# Warm or Cold Cubes/Hands?



## Erzz (Feb 26, 2011)

Hey guys.
I was just wondering if you prefer to have your cubes and hands a certain temperature.
Personally I like my hands warm and cubes cold. What about you?


----------



## Reinier Schippers (Feb 26, 2011)

i got the same. Bit weird but my lookahead is better with warm hands dunno why...


----------



## bluecloe45 (Feb 26, 2011)

I lock up so much if its too hot or too cold.


----------



## Zubon (Feb 26, 2011)

It's winter here and on cold mornings my hands just don't work.


----------



## celli (Feb 26, 2011)

I don't like my hands cold, they just won't move.


----------



## Vinny (Feb 26, 2011)

I like my hands warm and the cube cold because when the cube is warm I get too much grip. and obviously cold hands is just horrible. It's like trying to text outside in the winter... Your fingers just get sluggish for some reason.


----------



## kvaele (Feb 26, 2011)

I like hot hands, but i don't really care about the temp of my main cube. On my F-2, however, I like it warmer so that the viscosity of the lube in it goes down and it gets a bit faster, but my Ultimate Lubix GuHong isn't really affected by temperature.


----------



## Nestor (Feb 26, 2011)

I put my cube in the sun for 2 minutes and it becomes godly. The plastic will eventually turn yellow I know, but it is a price I'm happy to pay.


----------



## MagicYio (Feb 26, 2011)

My cube gets a little looser when it's warm (which I like), and I think nobody would ever want to have cold hands during cubing.


----------



## Sa967St (Feb 26, 2011)

Warm hands and cold cube. Some of my cubes feel yucky after they've been exposed to sunlight for a long time.


----------



## Anonymous (Feb 26, 2011)

I'd be very surprised if people liked cold hands- having cold hands usually makes people's dexterity go down, and after a certain point your TPS really suffers.

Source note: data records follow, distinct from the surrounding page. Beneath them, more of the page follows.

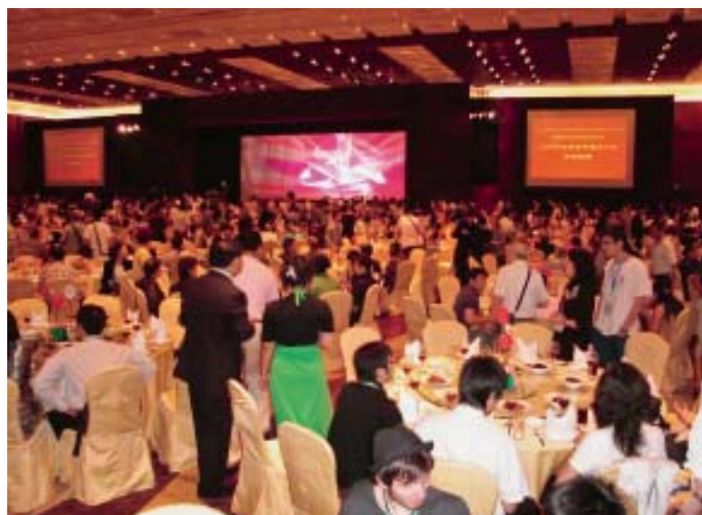
Banket dobrodošlice sa prigodnim programom domaćina
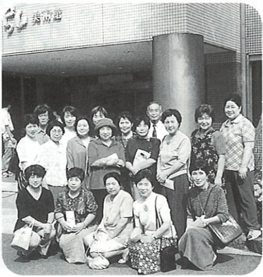
徳川三代日光路の旅 今市市お菓子の城と たまり漬本舗見学

また、一番嬉しかった事は、一人暮らしの高齢者の方々と、絵手紙を通して交流が出来大変喜んで頂いた事です。励まし合い、助け合う中で組織作りに向け大きく前進出来たと確信致しております。
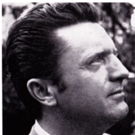
Joseph-André Motte, portrait.
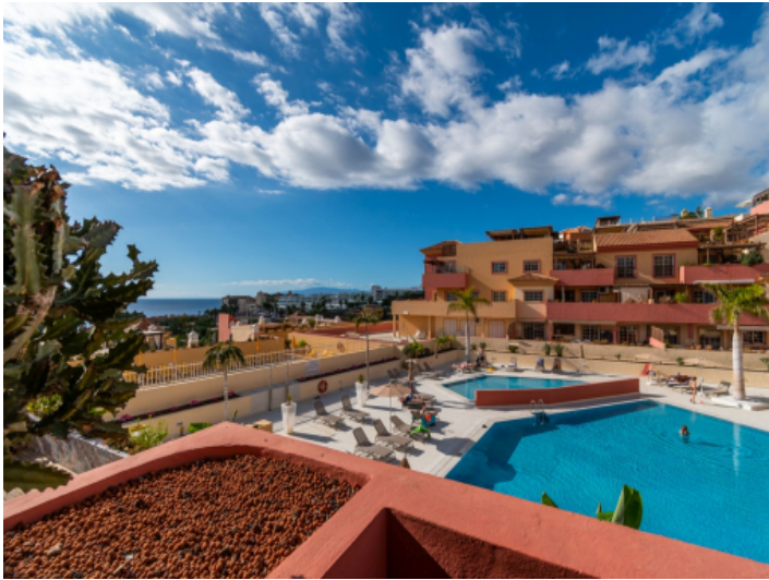
Wohnung, Costa Adeje
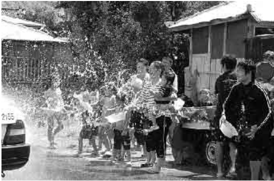
無病息災を祈り水を掛け合う

この「ネンケ」は、本来は農耕儀礼や若い男女の意思表示に利用されたとされていますが、現在は水を掛け合うことで厄を払い、無病息災を祈る意味合いが強いです。
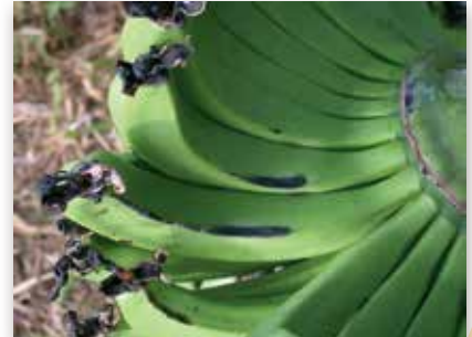
Grattage de feuille
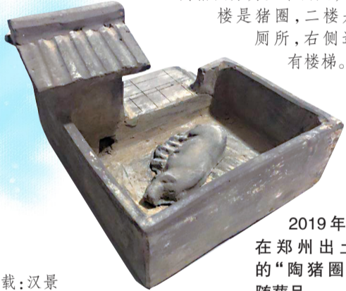
2019年,在郑州出土的“陶猪圈”随葬品
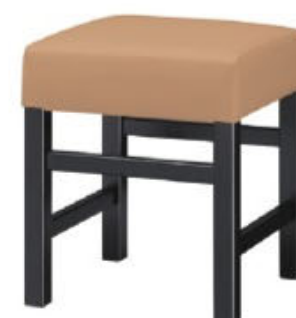
1233 保津 B 椅子 張地: クレンズII L-6697 (A)
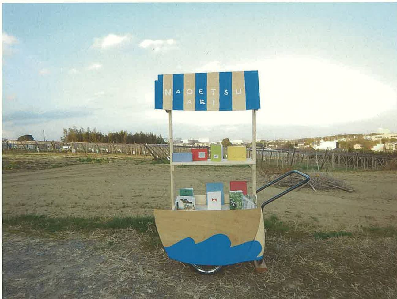
「小さな屋台 / 移動案内車」2021

移動可能なインフォメーション・カーが「小さな屋台」になって、直江津の街中各所に登場します。
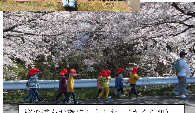
桜の道をお散歩しました。(さくら組)
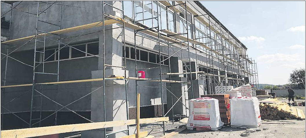
Фасад здания ДК также будет отремонтирован. Рабочие уже установили строительные леса и подготовили необходимый материал

– Есть граждане, которым просто нечем платить. Крупных предпрятий на территории нет, максимальная зарплата – 15–20 тысяч рублей. И оплачивать взносы, особен-
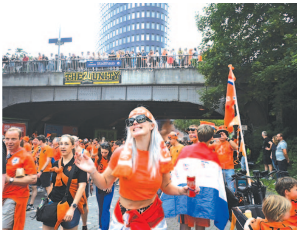
Holland szurkolók vonulnak a németországi labdarúgó Európa-bajnokság elődöntőjében játszott Hollandia – Anglia mérkőzésre a Westfalen Stadionhoz Dortmund belvárosában 2024. július 10-én.

A vasárnap 22 órakor kezdődő berlini döntőben az idei Eb-n százszázalékos és három végső sikerükkel csúcstartó spanyolok várnak majd a sorozatban második fináléjukra készülő és első diadalukra hajtó angolokra.
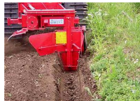
トレンチャーによる額縁排水溝の設置

排水性の向上は出芽・苗立ちの安定だけでなく、降雨が続いても水の引きが早いいため培土や除草剤散布などの作業タイミングを逸することが少なくなり効果も高まります。
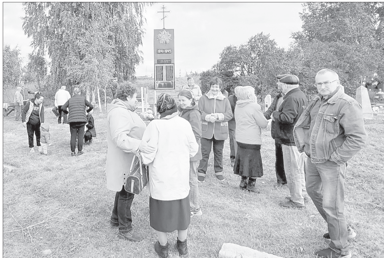
Приехать на встречу в последнее воскресенье августа стараются многие чукреевцы, ведь они как одна большая дружная семья

Хочется через «ЯЖ» поблагодарить тех, кто постоянно скашивает растительность. И не только на погосте, но и возле стелы. Отдельное спасибо
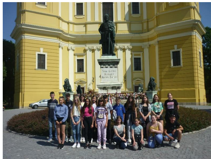
Nagyváradon a Szent László szobornál
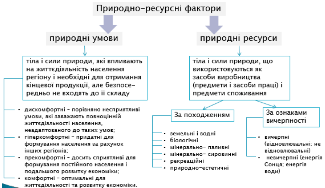
Рис. 3.2. Природно-ресурсні фактори регіонального розвитку

Природно-ресурсні фактори - це природні умови та природні ресурси регіону.
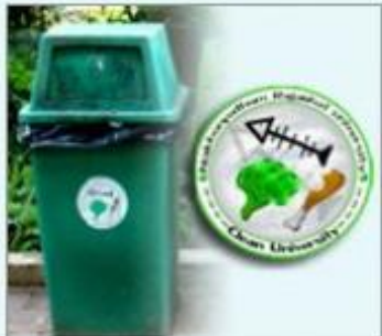
ถังขยะที่ย่อยสลายได้

I'm gonna vote hot hands and cold cubes, because I just have this weird feeling that my hands would get tired faster if I were cubing with a warm cube. Maybe that's stupid, but I needed an arbitrary reason to choose between the two "warm hands" options anyway, so yeah.


----------



## choza244 (Feb 26, 2011)

Warm hands and cubes of course


----------



## Edward (Feb 26, 2011)

Warm everything
Even the slightest bit of cold is like weights on my fingers


----------



## cmhardw (Feb 26, 2011)

Warm hands, makes it easier to turn faster. Warm cubes, as I always feel like this loosens up the silicone somehow. I use CRC Heavy Duty and the cube feels gummy and terrible when it's cold. Once the cube warms up as well I can really fly on it. So warm for both.


----------



## Cool Frog (Feb 26, 2011)

I know for sure at some point my cube feels like...
LOVE


----------



## a small kitten (Feb 26, 2011)

As warm as possible. My ideal room temperature is like 80 F lol


----------



## Andreaillest (Feb 26, 2011)

Warm hands and cube. Cold hands while solving is just.. ugh.


----------



## IamWEB (Feb 27, 2011)

Room temp. cube, warm hands, no sweat.

12.27 and beyond.


----------



## rock1313 (Feb 27, 2011)

Warm hands all the way. When I try and cube on cold days, I put my hands under hot water before.


----------



## JianhanC (Feb 27, 2011)

Slightly warm and warmed up hands, so that my fingers are at it's peak, and room temperature cubes, about 29 degrees Celcius, especially for Megaminx so that it's nice to grip and turns good.


----------



## Selkie (Feb 27, 2011)

Warm hands and cube. My times with cold ahnds has to be about + 8-10 secs worse


----------



## Ordos_Koala (Feb 27, 2011)

muscles on fingers are just like any other... they work better when they're warmed up and stretched... try going out in winter without gloves and then speedcubing


----------



## asportking (Mar 1, 2011)

Warm hands and cold cube works best for me. Maybe I should put my cubes in the freezer when I'm not using them so they'll always be cold.


----------